The Penetrators is an American punk rock and new wave band formed in San Diego, California, in the late 1970s. The group was part of San Diego's early punk and original-music scene and developed a regional following through performances at venues in California.

After disbanding during the 1980s, the Penetrators periodically reunited for live performances. In 2011, the group received a Lifetime Achievement Award at the San Diego Music Awards.

== History ==
The Penetrators were formed Guitarist Scott Harrington and drummer Joel Kmak in San Diego in the late 1970s. Gary Heffern later served as the band's vocalist, while Dan McLain, subsequently known as Country Dick Montana, was one of its drummers.

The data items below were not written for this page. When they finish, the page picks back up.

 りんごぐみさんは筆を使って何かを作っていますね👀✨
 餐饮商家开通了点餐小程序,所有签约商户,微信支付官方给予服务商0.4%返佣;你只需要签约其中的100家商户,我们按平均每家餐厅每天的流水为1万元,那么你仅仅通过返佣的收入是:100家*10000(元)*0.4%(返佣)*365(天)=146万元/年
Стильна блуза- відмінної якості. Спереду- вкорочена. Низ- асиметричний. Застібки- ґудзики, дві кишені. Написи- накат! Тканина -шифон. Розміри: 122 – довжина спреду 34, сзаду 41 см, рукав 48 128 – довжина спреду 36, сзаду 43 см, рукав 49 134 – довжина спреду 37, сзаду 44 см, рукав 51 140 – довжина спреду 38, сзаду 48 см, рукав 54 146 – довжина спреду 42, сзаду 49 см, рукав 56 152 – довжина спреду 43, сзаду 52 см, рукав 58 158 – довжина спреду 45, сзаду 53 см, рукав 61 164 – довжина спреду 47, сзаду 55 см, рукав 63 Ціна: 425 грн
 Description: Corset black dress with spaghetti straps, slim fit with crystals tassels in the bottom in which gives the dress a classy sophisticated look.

In October 1979, the San Diego Reader published a cover story documenting the band during a six-day California tour. The itinerary included performances at the Hong Kong Cafe in Los Angeles, the Fu-Bar in Santa Barbara, Slick Willy's in Sacramento and Mabuhay Gardens in San Francisco.

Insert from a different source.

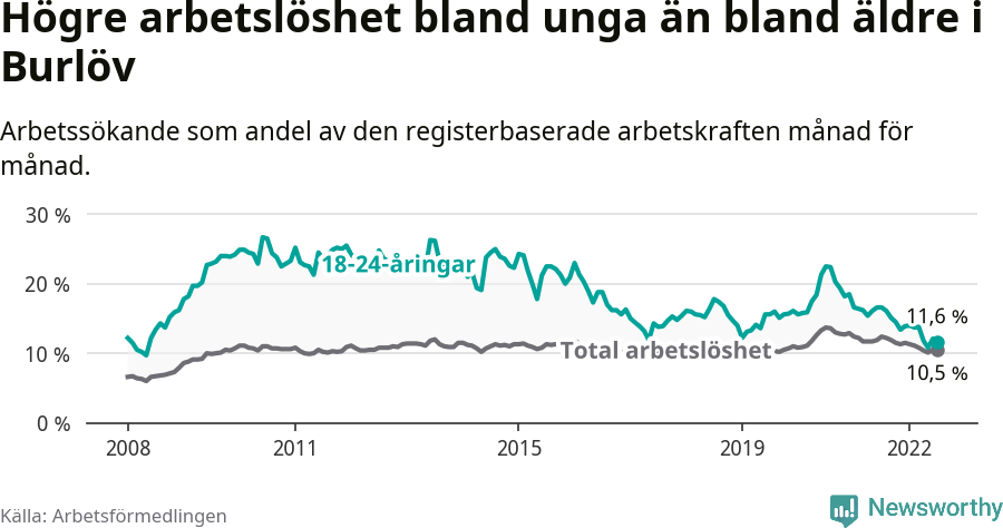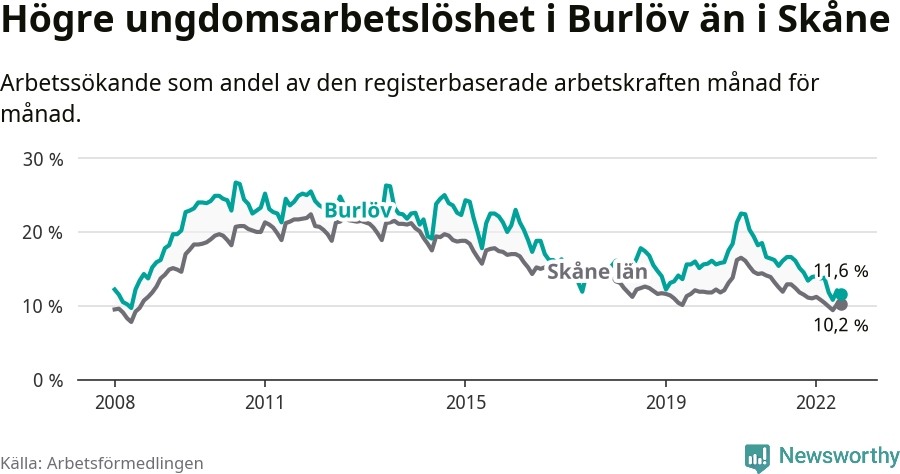 Precis som den totala arbetslösheten ligger ungdomsarbetslösheten i Burlöv högre än i Skåne som helhet. Skillnaden mellan kommunen och länet är 1,4 procentenheter.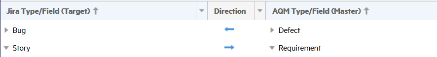 Our use-case creates stories in Jira and pushes them to requirements in OpenText Application Quality Management. Click + Type Mapping and select Story on the Jira side, and Requirement on the other side. Set the direction from Jira to OpenText Application Quality Management.

During the late 1970s and early 1980s, the band performed at San Diego venues associated with the city's punk and new-wave scenes. Contemporary and retrospective coverage characterized the Penetrators as one of the city's prominent early punk groups. Los Angeles Times stated that the Penetrators and several other local original-music groups regularly attracted capacity audiences at San Diego nightclubs during the early 1980s.

The band released the single "Stimulation" backed with "Sensitive Boy" in 1979, followed by the extended play record Walk the Beat in 1980 and the album A Sweet Kiss from Mommy in 1982.